Por justicia y por respeto a las víctimas de la dana
Saber todo lo ocurrido durante las terribles horas de la tragedia en Valencia es reconocer a las víctimas, sobre las que tanto se habla

En el sumario de la dana consta el caso de un vecino, policía de profesión, que bajó a ayudar a los demás hasta que el agua echó la puerta abajo y entró de golpe en el garaje. Consta el caso de una mujer que trató de sostener a su marido hasta que la corriente se lo llevó. Consta la llamada que una madre le hizo a su hija: “Me voy a morir ahogada”, le gritó. Consta el caso de un hombre que se agarró a una reja y pidió auxilio durante 40 minutos, antes de morir. Consta el caso del padre que perdió a sus hijos mientras él trataba de tenerse en un árbol en mitad de la riada.
Han pasado los días y los meses y, aunque la vida busque la manera de abrirse paso, la dana tiene atrapados aún a los pueblos que la sufrieron. Se ve en los daños, tan presentes. En esa marca de lodo y de barro que se ha quedado impregnada en las aceras y en el asfalto, en las paredes. En las tiendas que no abrirán y las que han abierto a duras penas. En las montañas de escombros y en las hileras de coches apilados en los descampados. En los carriles todavía cortados de las carreteras y en los restos que fueron a caer en los arcenes.
Pero donde más se percibe la dana es en aquello que menos se ve a simple vista, que es el recuerdo de quienes no la olvidarán nunca. Para miles de personas, la tragedia que arrasó sus casas es la realidad diaria de la que no pueden desprenderse. No se puede pasar de página ni cambiar de canal: es el pueblo en el que nacieron o al que emigraron. Donde lo tienen todo.

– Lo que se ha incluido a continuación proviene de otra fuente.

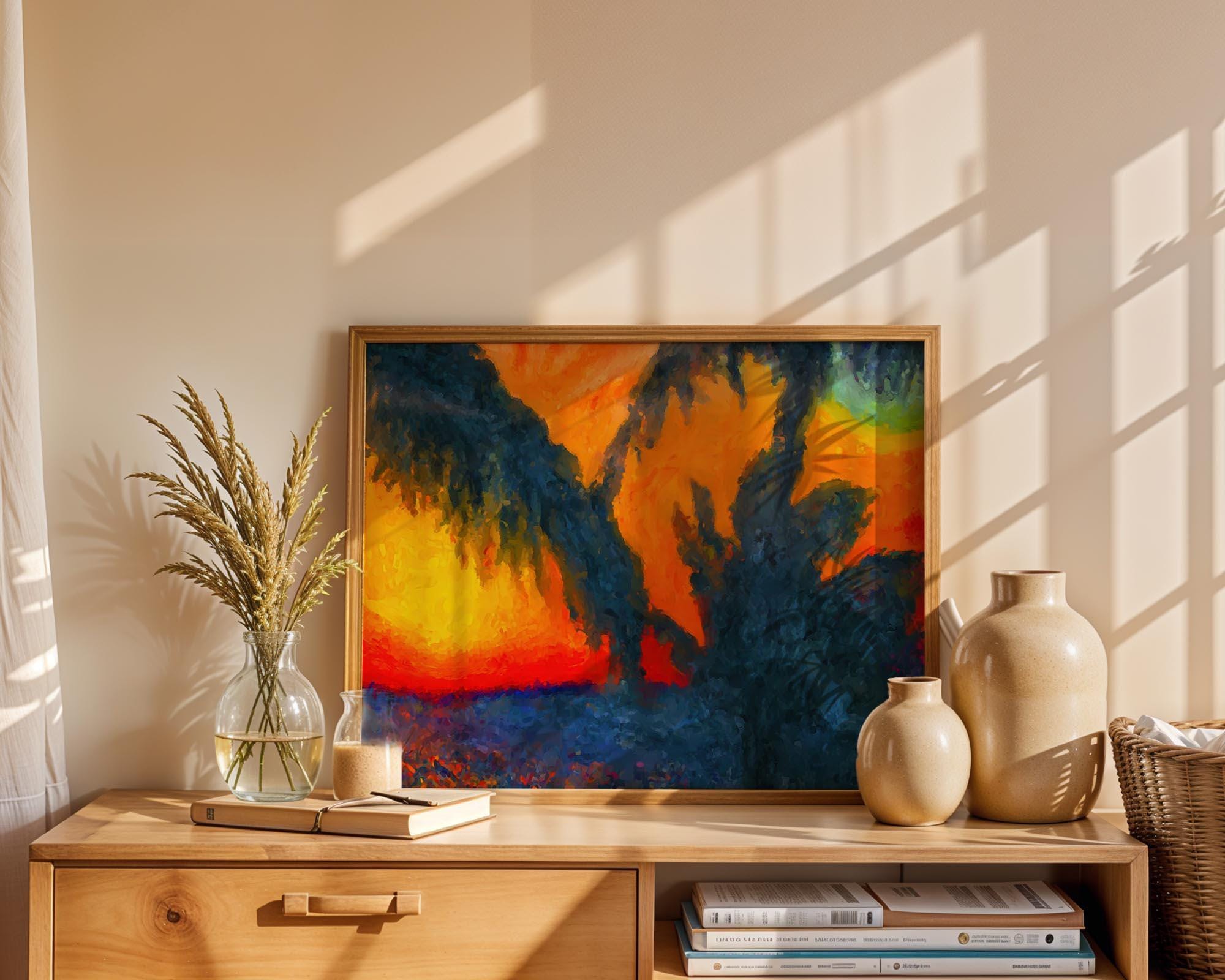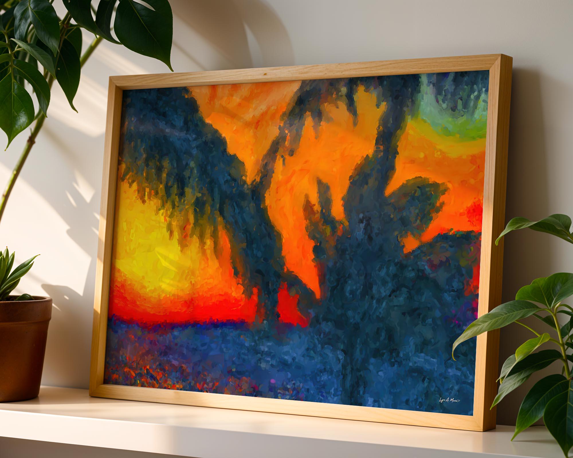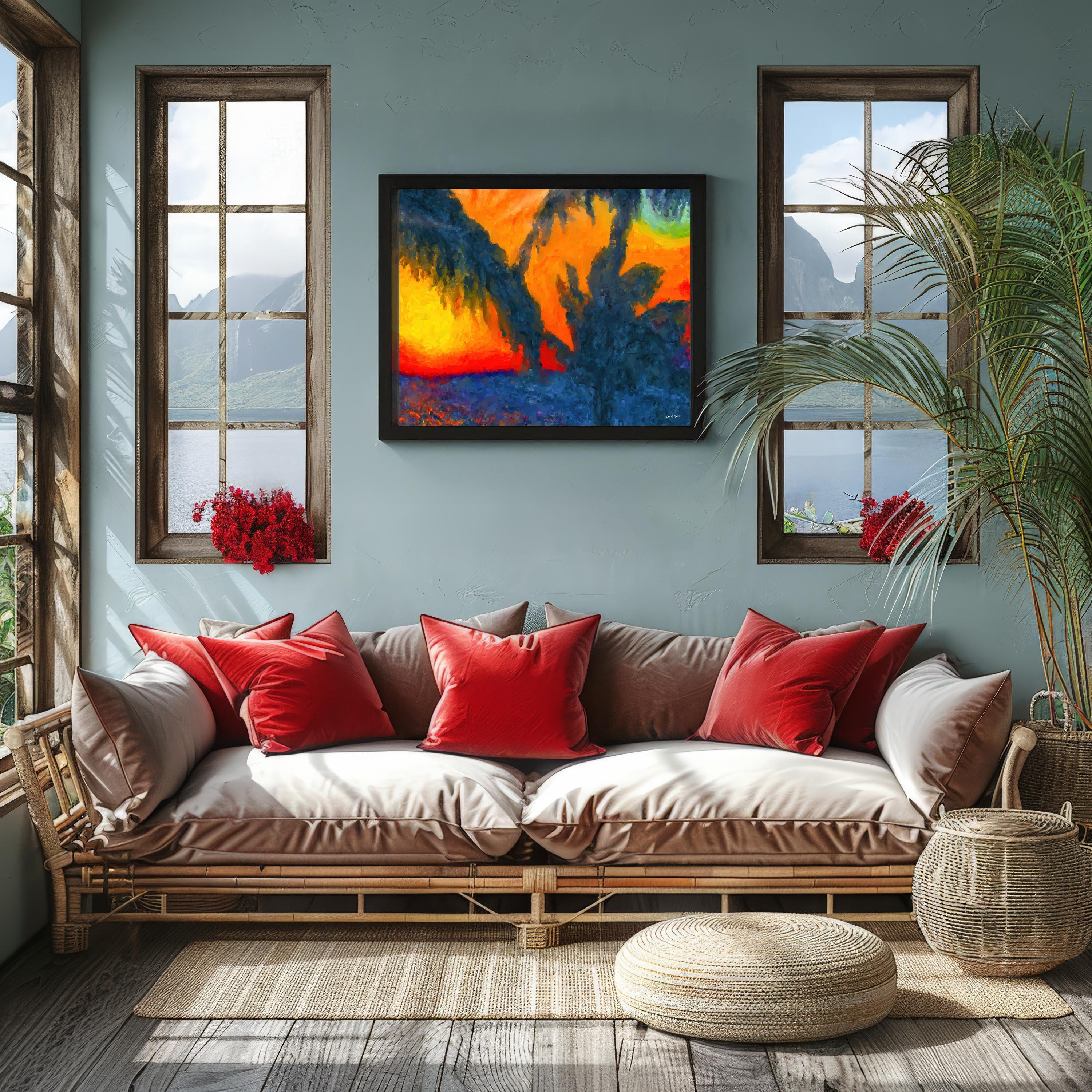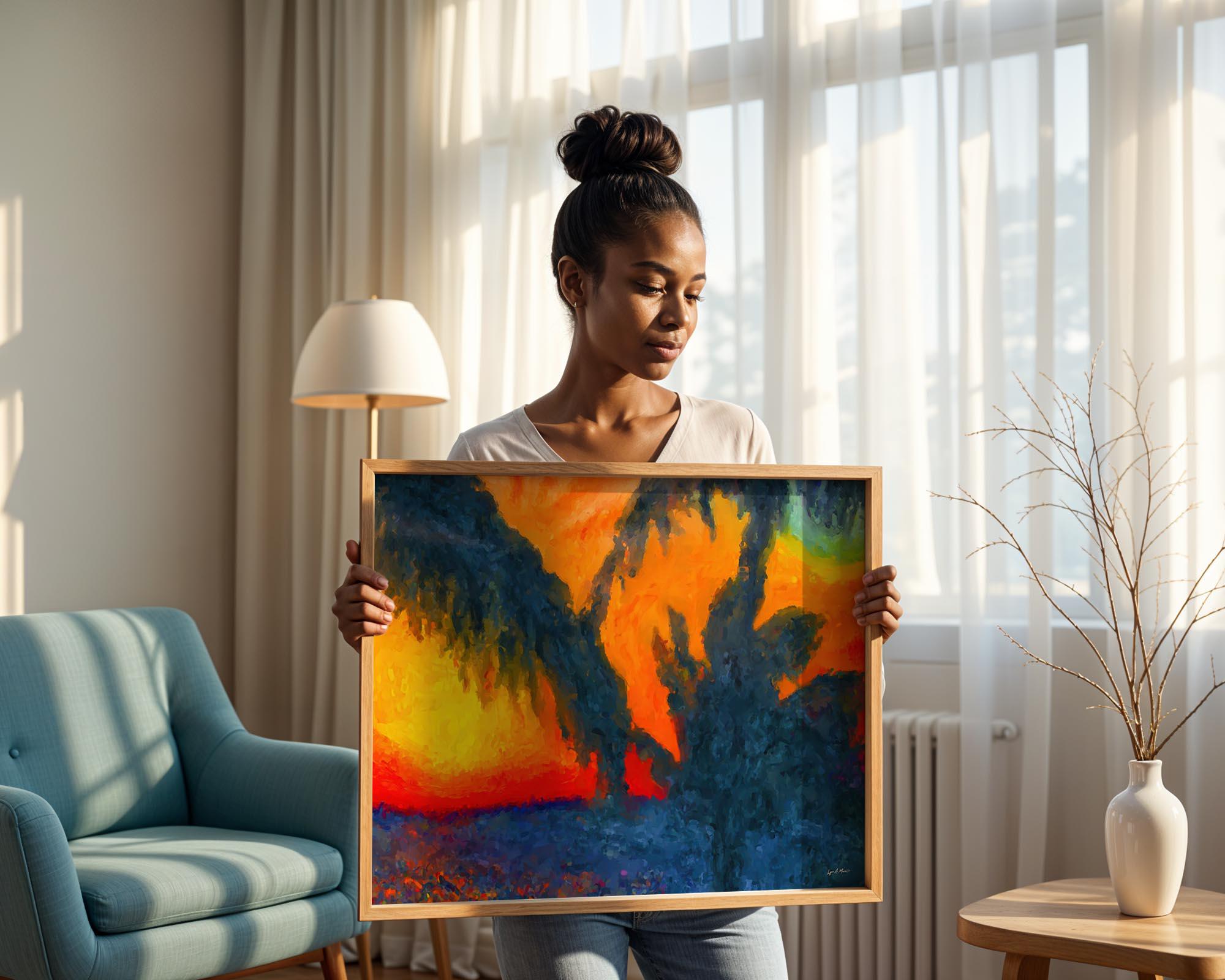 I created this artwork to capture the warmth and peace of a sunrise over the water. The bold colors reflect the feeling of starting fresh and finding calm in nature’s beauty.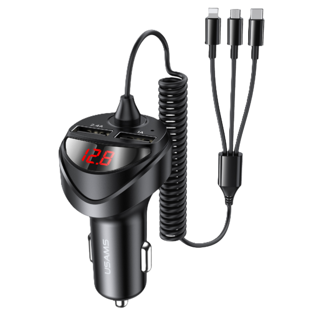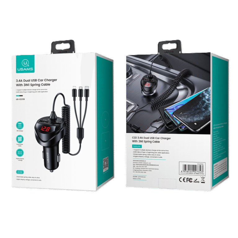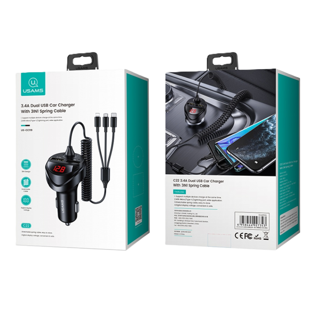 CARGADOR PARA AUTO C22 CABLE 3IN1 2-USB / 3.4A (CC119-SPRING CABLE)
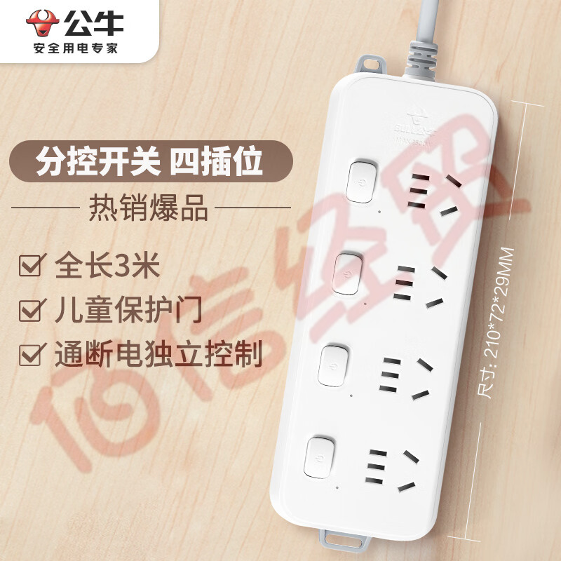 公牛(BULL)分控插座/插線板/插排/排插/接線板/拖線板 GN-B3043 4位分控全長3米 獨立開關(guān) 自營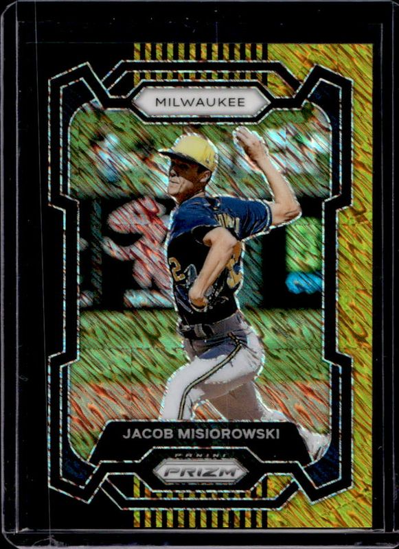 The Jacob Misiorowski 2024 Prizm #114 Black Gold Shimmer FOTL /3 card is 1 of 38 Jacob Misiorowski's card variations in the 2024 Prizm set being tracked by Sports Card Investor, including Base, Blue Ice, Green, Green Ice, and Pink Ice.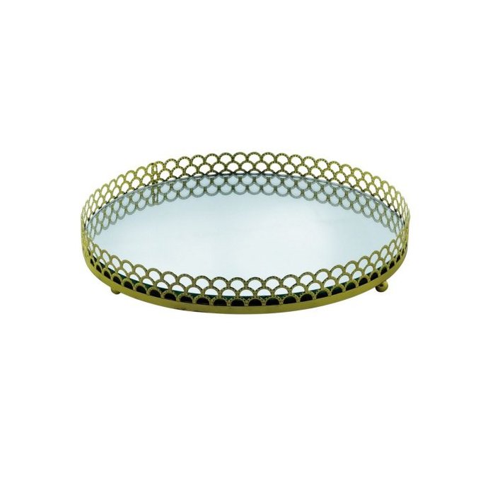 Bandeja Metal Com Espelho Redonda Arch Border Dourada Pequena 20x20x3cm 44355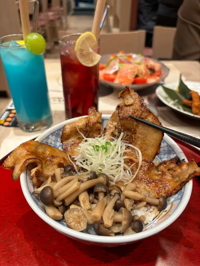 灸燒豚肉~配上香菇和葱花🔥炭火香十足💕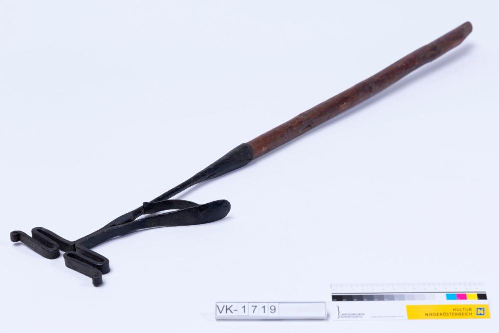 Kienspanhalter mit Federklemmgriff, zweiseitiger Haltevorrichtung und angeschmiedeter Tülle. In die Tülle ist ein Holzstiel eingesetzt. VK-21237, VK-21238 und VK-21239 sind Sockel für Kienspanhalter.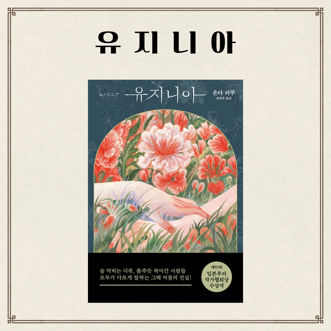 소설의 후반부로 갈수록 생각지도 못한 반전이 등장하기도 하지만 끝까지 사건의 진상에 대해서는 밝혀지지 않는다. 사건이 일어나고 그에 대한 명쾌한 해결이 미스터리의 묘미라고 생각하고 있는 나에게 소위 이런 열린 결말은 답답해서 피하는 편이지만 이상하게도 『유지니아』에서는 사건이 명쾌하게 해결되었다면 더 어울리지 않는 것 같았다. 분명 독극물로 인하여 17명이 사망하는 사건이 일어난 것은 사실이다. 그런데 시간이 지났다고는 하지만 그 사건을 각기 자신만의 방식으로 기억을 하고 있는 사람들을 통해 진실에 대한 사람의 기억에 대하여 다시 한번 생각해 볼 수 있었다.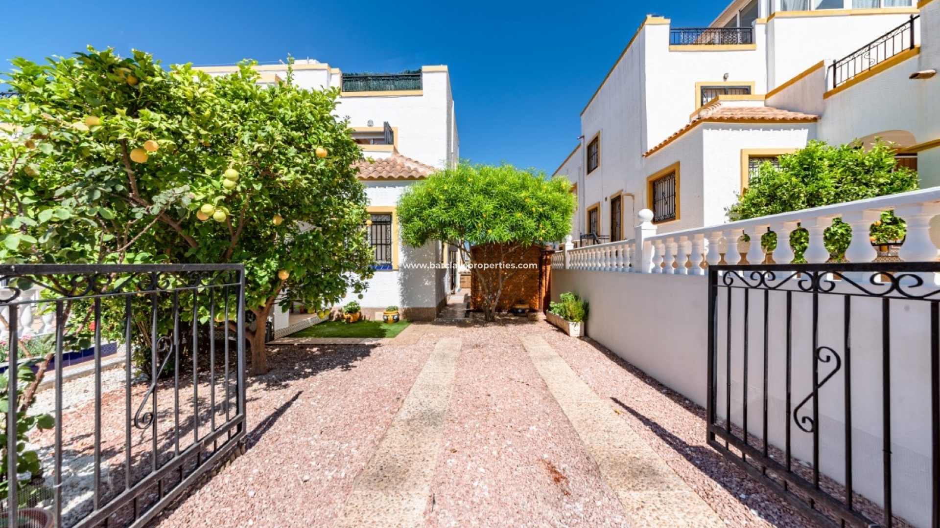 Een verzorgde tuin verwelkomt u, met off-road parking, een prachtige citroenboom, een scala aan planten en een berging.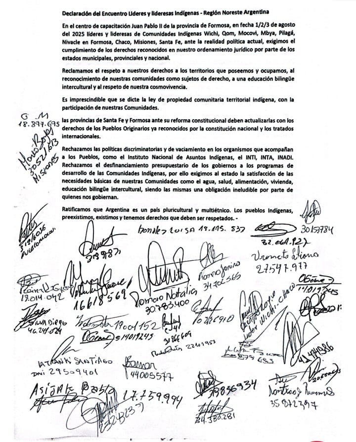 En el marco del 7° Encuentro de Líderes y Lideresas Indígenas del NEA, un espacio propiciado por el Equipo Nacional de Pastoral Aborigen (ENDEPA), realizado los días 1, 2 y 3 de agosto en el Centro de Capacitación Juan Pablo II de la provincia de Formosa, representantes de los Pueblos Wichí, Qom, Mocoví, Mbya Guaraní, Pilagá y Nivaĉle que habitan en Formosa, Chaco, Misiones y Santa Fe emitieron una declaración conjunta en la que reclaman respeto territorial, reconocimiento como sujetos de derecho y participación activa en las políticas públicas.
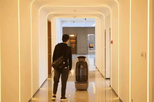 登記完畢后,電梯會啟動等候系統(tǒng),這時機(jī)器人帶客人去房間就不必再費(fèi)時間等電梯了。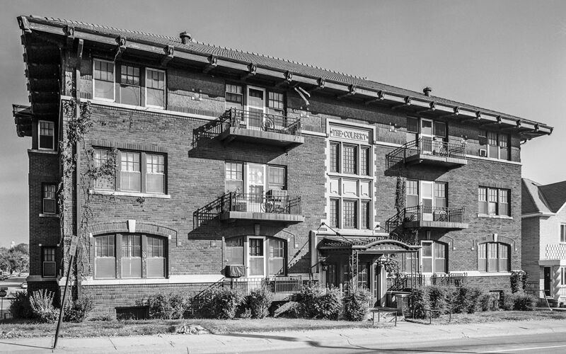Description: Colbert Apartments (ca. 1919), 3870 Harney Street, Omaha, Nebraska. Frederick A. Henninger (1865-1944), Architect.
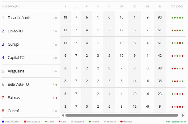 O União Esporte Clube, Tocantinópolis Esporte Clube e Gurupi Esporte Clube venceram na 7ª rodada e se garantiram nas semifinais, sendo que a equipe do Bico do Papagaio venceu os 7 jogos. O Capital Futebol Clube, mesmo perdendo, também conquistou a sua vaga. Os duelos semifinais começam já no próximo fim de semana. Já o Araguaína Futebol & Regatas, atual campeão, foi eliminado.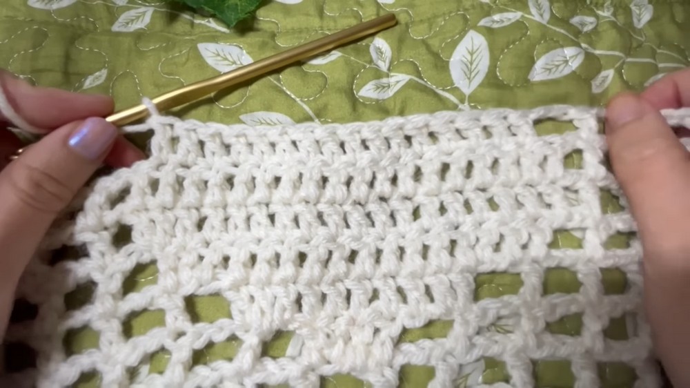 - Increase or decrease the starting chain to match your desired width (following the mesh grid design).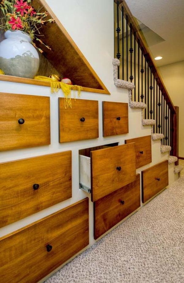 Puteti stoca direct in spatiul scarilor, prin amenajarea de sertare in fiecare treapta sau in corpul de sustinere al scarilor in functie de cat spatiu aveti la dispozitie.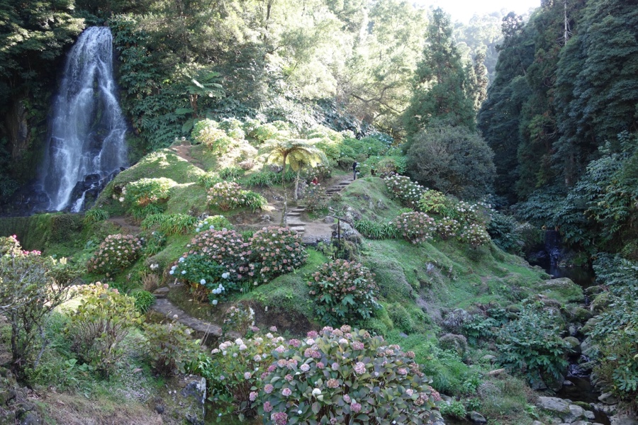 Comecemos por Porto Formoso, praia na costa norte onde desagua uma ribeira escondida na densa vegetação. Não se caminha quase nada para se ficar face a face com a sua linda cascata e pequena piscina natural, mas tão belo e tranquilo é o lugar que fazemos por nos demorar. As hortênsias teimavam ainda em manter-se de cores vivas naquele Novembro, dando uma cor que o lugar nem sequer precisa para nos alegrar. Uns trilhos rompendo a natureza pura e imaculada seguem para nos deixar numa parte mais elevada junto à cascata.

Allá donde ahora están una esquina o un árbol o una señal, lo que muchos verán todas sus vidas no será ni una esquina ni un árbol ni una señal, sino el punto al que alguien se aferró, desde donde alguien pidió auxilio o donde un padre logró poner a salvo a sus hijos antes de que el agua se los llevase. Los garajes de sus propias casas serán los sitios donde aparecieron los cuerpos de sus vecinos. Hay hijos para los que la planta baja en la que se criaron será para siempre el lugar al que acudieron, con el corazón en un puño y tras varios días de espanto, con la duda de si encontrarían a sus padres, vivos o muertos.
Insisten varias voces en el mensaje de que conviene centrarse en la reconstrucción, y quién podría negarlo. Claro: lo primero es que las calles y las plazas se parezcan cuanto antes a lo que eran. Pero querer saber lo que sucedió aquella tarde, minuto a minuto y sin que haya zonas de sombra ni versiones cambiantes, sin que se escondan los datos ni se escatimen las facturas, no es buscar polémicas ni oponerse a la reconstrucción. Al revés: es la consecuencia de reconocer a las personas damnificadas, de las que se habla tanto, su derecho a saber lo que ocurrió. Y a que se haga justicia. Es, al cabo, una elemental muestra de respeto.